Dr. Oncologist's registrar will be doing the lumbar puncture at oncology daystay on the 10th, something I'm not looking forward to. At this stage I've had, if memory serves, seven lumbar punctures, one a biopsy, six to administer a chemotherapy drug called Ara-C directly into the theca, the sheath which contains the spinal cord. I really don't like this procedure. This is, after all, my spinal cord which is in play.

Even once the lab results from the biopsy come back, I have no guarantee of an answer.

The next step could be, possibly, something called a PET scan, a positron emission tomography scan, depending on whether Dr. Oncologist thinks there would be any utility in doing the scan.

Apparently one of the chemicals significant to a PET scan is glucose, and, because the brain continually metabolizes glucose, the brain is a natural hot spot as far as glucose is concerned, so there might be a question mark over what the PET scan might show.

Additionally, PET scans are not available in New Zealand, but apparently one can be had for two thousand dollars, presumably in Sydney, Australia, three hours away by air.

Following the meeting with Dr. Oncologist, I felt totally calm. After all, if you've been preparing yourself for some days for the possibility of getting handed a "die quite possibly soon" card, a "no answer yet" offering should be in the realms of the manageable.

However, that said, later in the day I realized that my stress levels were peaking alarmingly. This is a kind of replay of 2004, when I was going to hospital time after time for test after test and not getting any answers.

The bottom line is that the machineries for interrogating the body are quite simply not very sophisticated, not in relation to what it would be nice to be able to know, and know right now, thank you very much.

The happy result of the day was that I was able to get the paperwork Thai Airlines has, very reasonably, been asking for in order to process a refund for the flight I cancelled, the required documentation being a photocopy of my passport, a medical report of some kind, the MRI report being the first such report that has become available to me, and a letter from an oncologist, which Dr. Oncologist provided, saying I need further tests.

I did not buy my ticket online but went to the House of Travel locally here in Devonport, and, when I had to cancel the flight I had booked back to Japan, I was glad to be able to deal directly with the travel agency, as they were helpful and friendly in sorting out the problem for me, and waited patiently until I could come up with the paperwork.

To wrap up, I give the text of the interpretation of the magnetic resonance imaging scan.
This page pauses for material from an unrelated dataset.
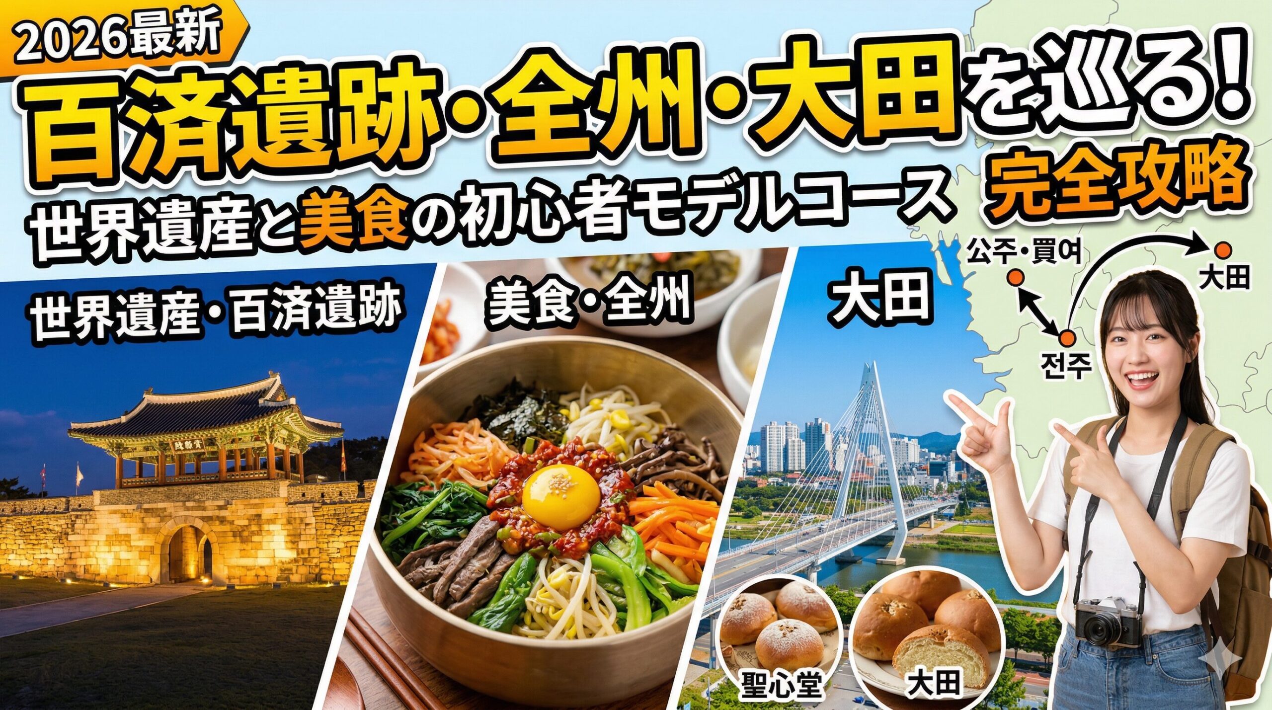 Discover the heart of South Korea in 2026 with this strategic 4-day guide covering the Baekje World Heritage sites in Gongju/Buyeo, the traditional Jeonju Hanok Village, and the futuristic science city of Daejeon. Perfect for beginners, this model course ensures high-value travel with efficient KTX routes and stunning historical landscapes.

"Indication: Primary CNS Lymphoma Treated with Methotrexate. Now visual symptoms. ? relapse.

"Technique: Saggital T1, axial T2, FLAIR, DWI with post contrast sagittal and axial sequences through the brain.

"Findings: Comparison is made with the previous study performed on the 10/11/05 [10 November 2005].

"In the interim, there has been a very slight increase in the size of the gliotic cavity within the right superior frontal lobe of uncertain significance. However, there is no significant enhancement associated with this focus or elsewhere within the brain. No significant change is demonstrated elsewhere, in particular the white matter change surrounding the lateral ventricles and occipital lobes. There is no evidence of acute infarction or intracranial haemorrhage.

"Interpretation: no significant interval change."
I interpret this, rightly or wrongly, as meaning that they considered the possibility that I might have had a stroke and concluded that, no, I didn't.

The good news, then, is that my brain is, as far as the MRI scan can tell, as normal as can be expected under the circumstances, not on fire, not infested with Argentinian ants, not jam-packed with melting icecream. Could be worse, and let's be thankful for small mercies: no stroke.